Several factors, including climate change, development-induced displacement and loss of agricultural security contribute formidably to migration. “Displacement and enforced migration are the key precipitating factors for this disturbing trend,” says Ajay Saini, who teaches at the Centre for Rural Development and Technology, IIT Delhi. “A faulty yet popular paradigm of development has badly affected the indigenes in India, especially in resource-rich states like Jharkhand,” he adds.
Data shows in the last 50 years, at least 50 million people have been displaced. Of this, 40% belong to indigenous communities. Thus, Jharkhand, having 27% Adivasi population, needs to know the number of people moving out to come up with workable policy frameworks for the migrants. The Jharkhand Migration Survey will look into these diverse aspects, finding out the circumstances in which they leave the state in the first place. It will also enquire about the remittances and their utilisation alongside women’s participation in the decision-making process.

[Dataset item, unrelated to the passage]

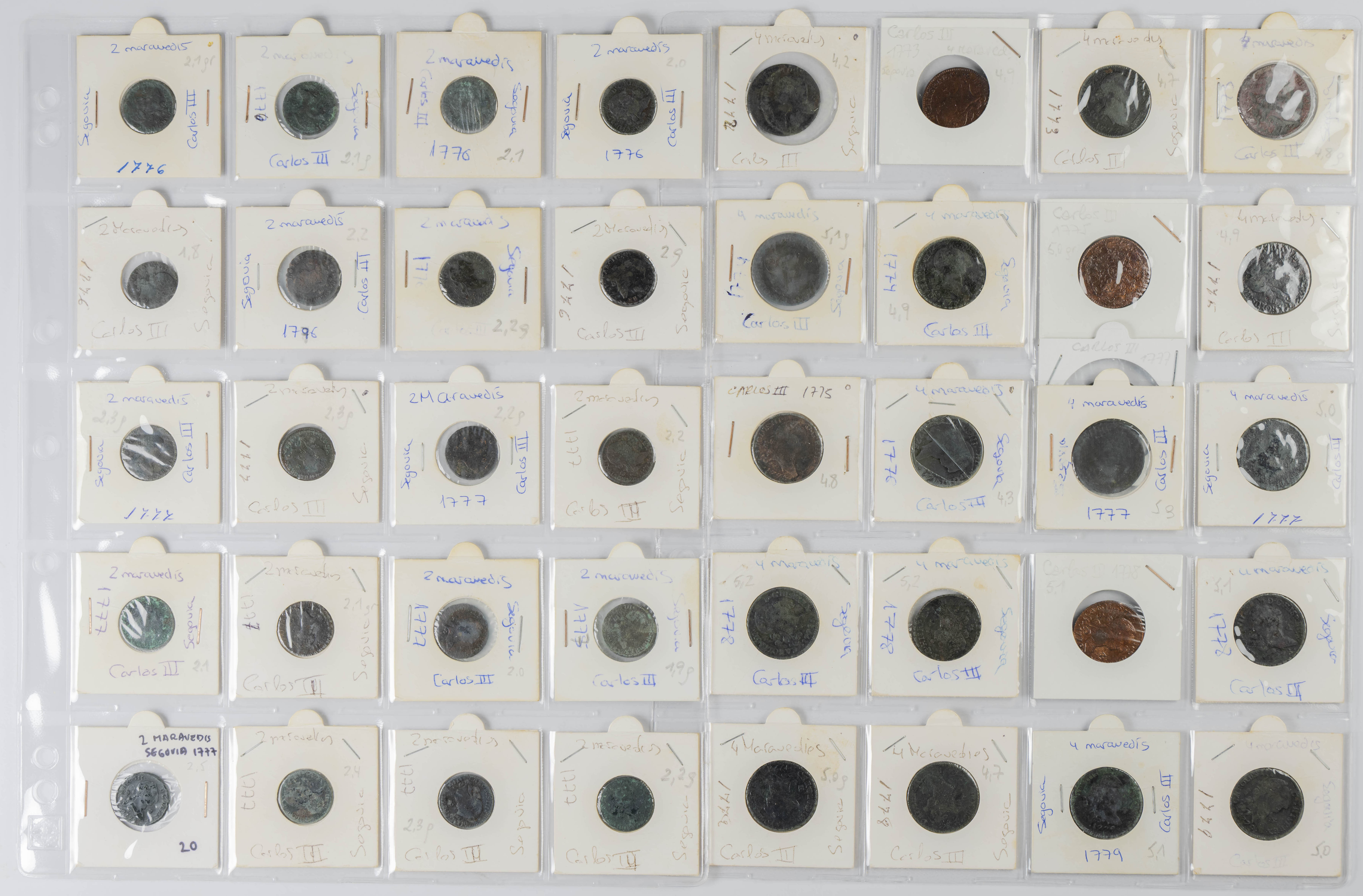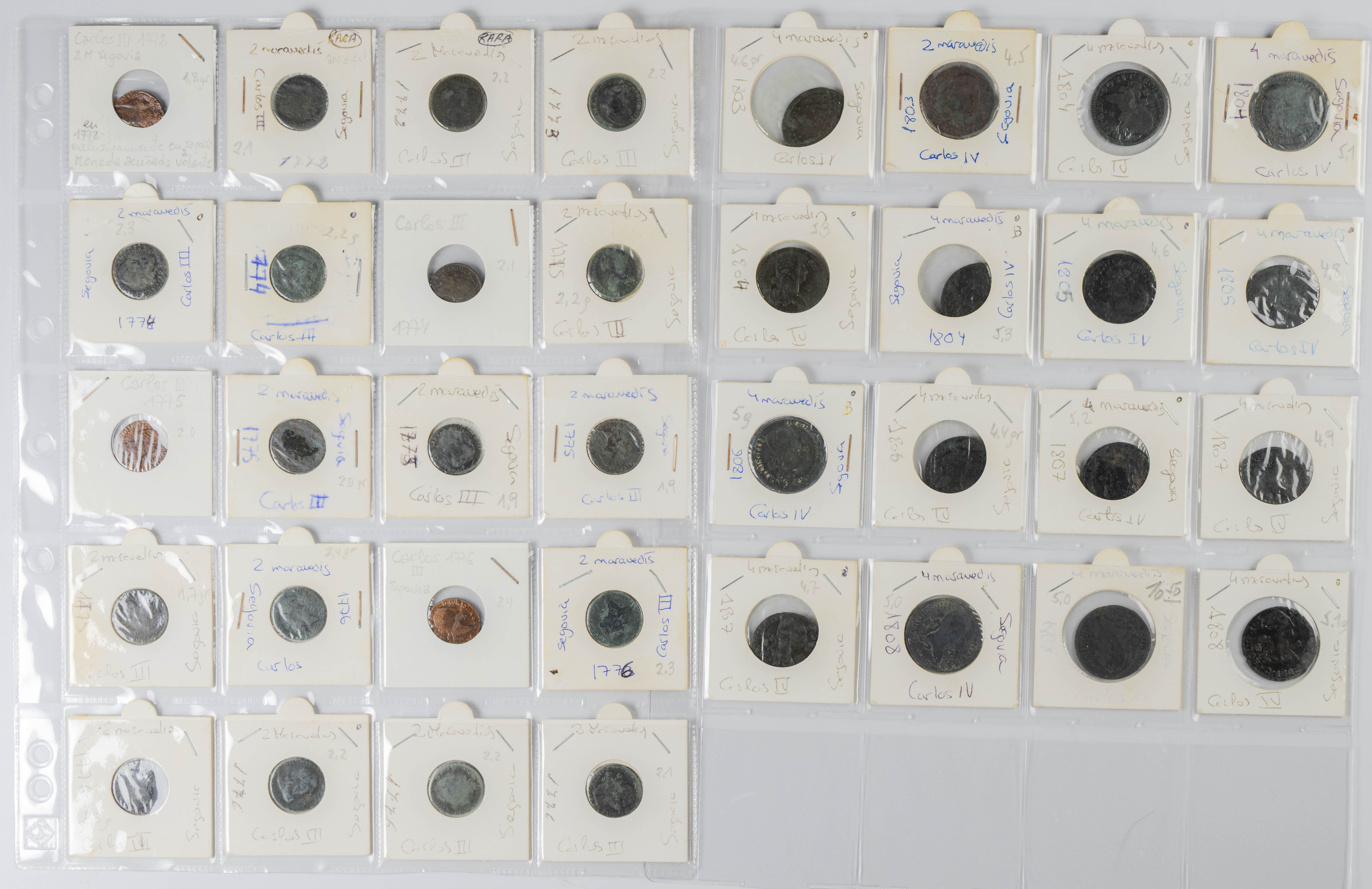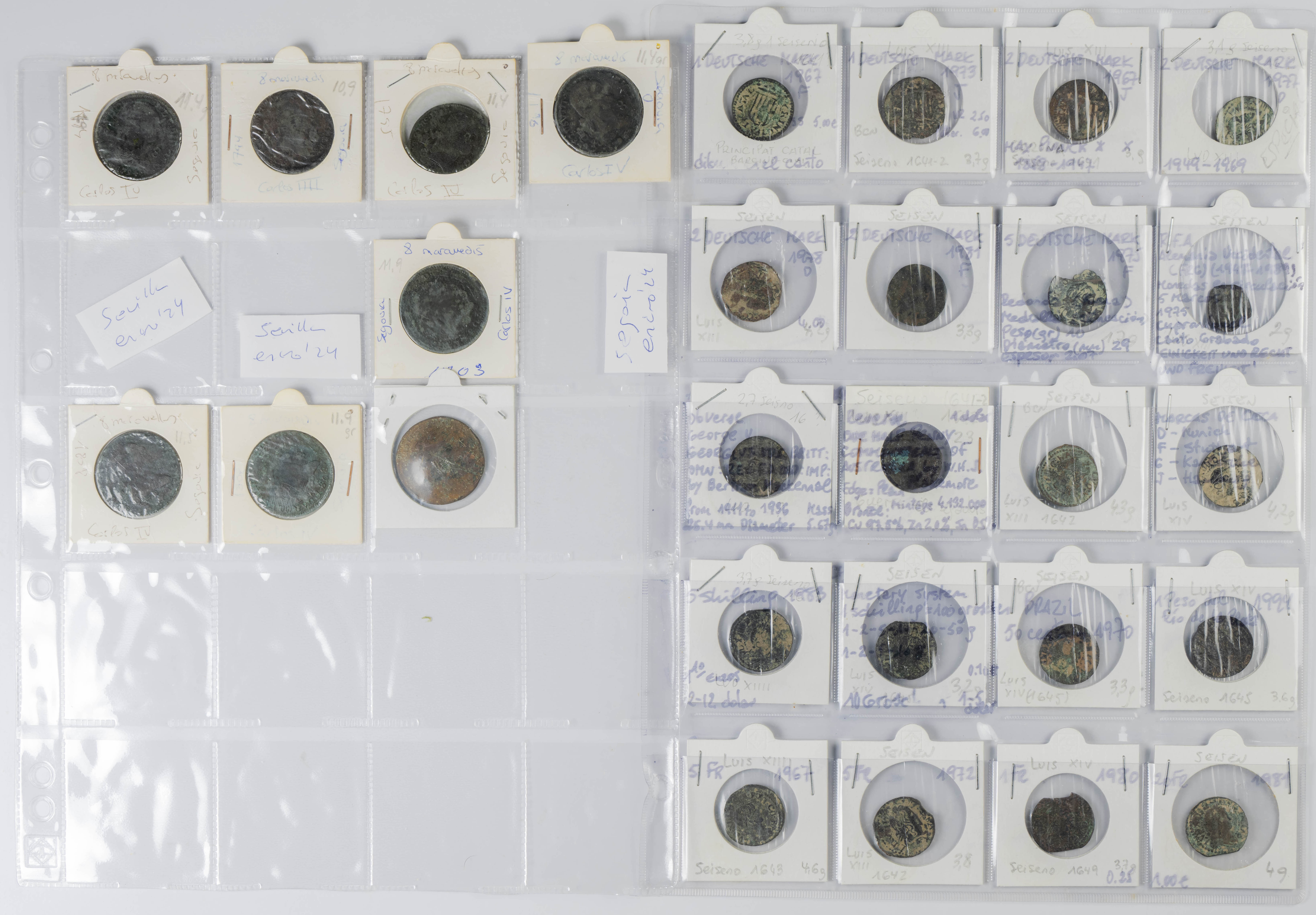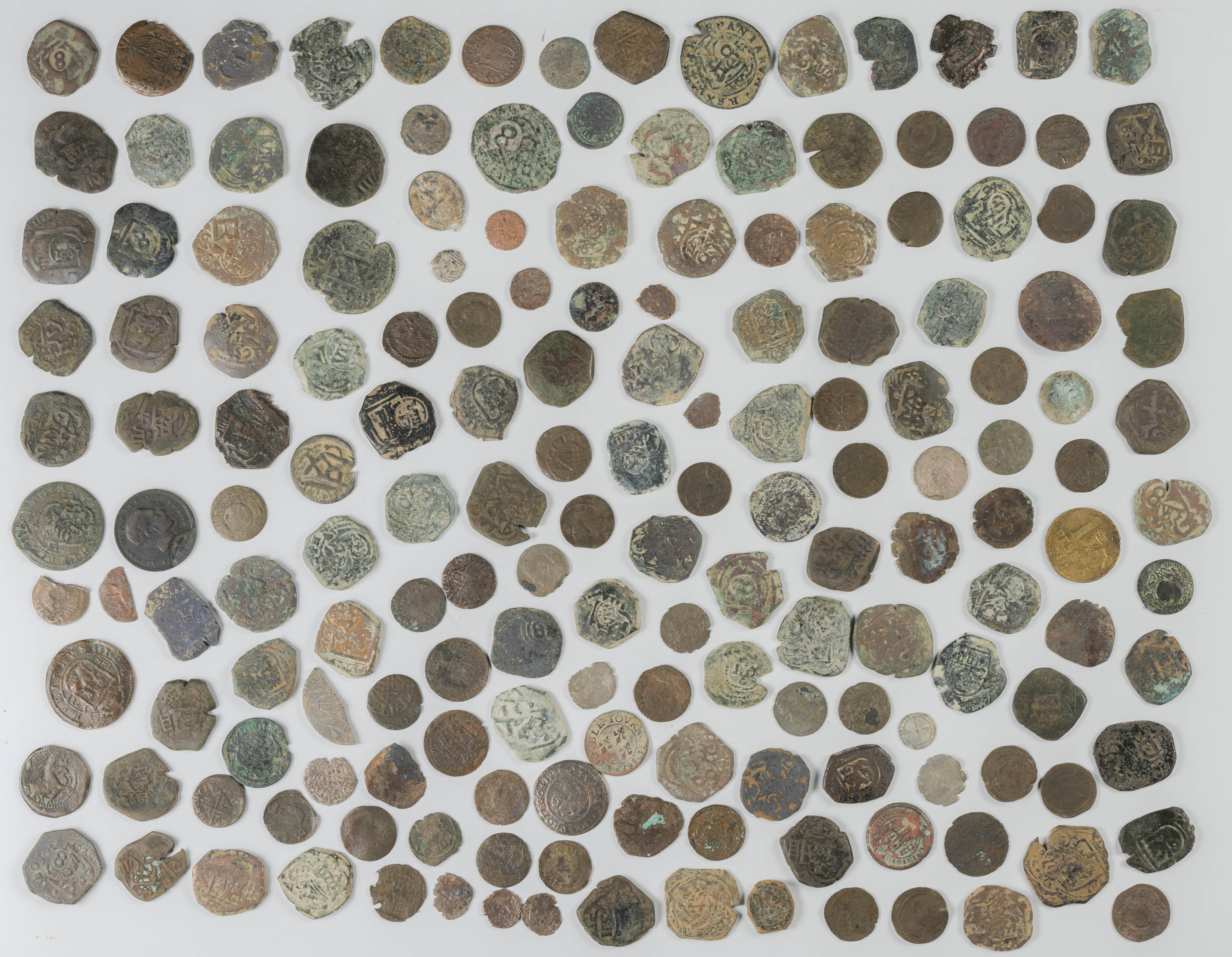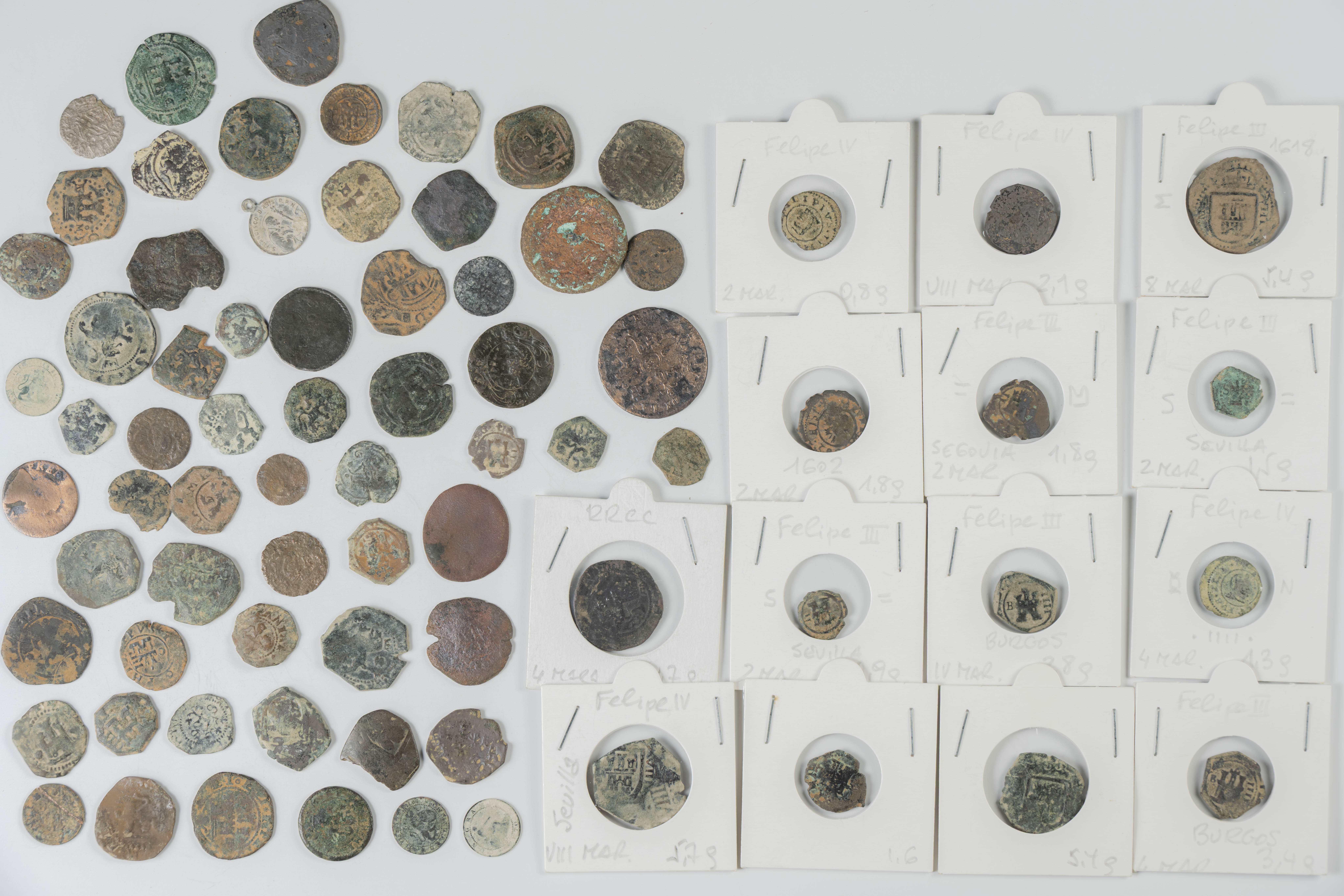 MONARQUÍA ESPAÑOLA. Conjunto formado por centenares de cobres de la Monarquía Española y del Centenario de la Peseta. Incluye piezas tanto de los Austrias como de los Borbones con una gran variedad de módulos y fechas representadas con una buena representación, también, de piezas reselladas. Diferentes estados de conservación. A EXAMINAR.

The data collection for the survey is complete and currently the volunteers are connecting to migrant workers who were unavailable during the survey over the phone. For 62 days, volunteers gathered data from 436 locations in 24 districts. They will submit the report to the labour department, the Chief Secretary and the Chief Minister’s Office (CMO) by May.
While the administration is busy identifying migrants and trying to secure their social welfare, a few migrant labourers want the government to give them jobs in their home state. “The government should give us jobs in our villages. We would not have to leave the state and there won’t be a need for any survey to count us,” says Yadav, who had no option but to come back to Delhi and work in the shoe industry again.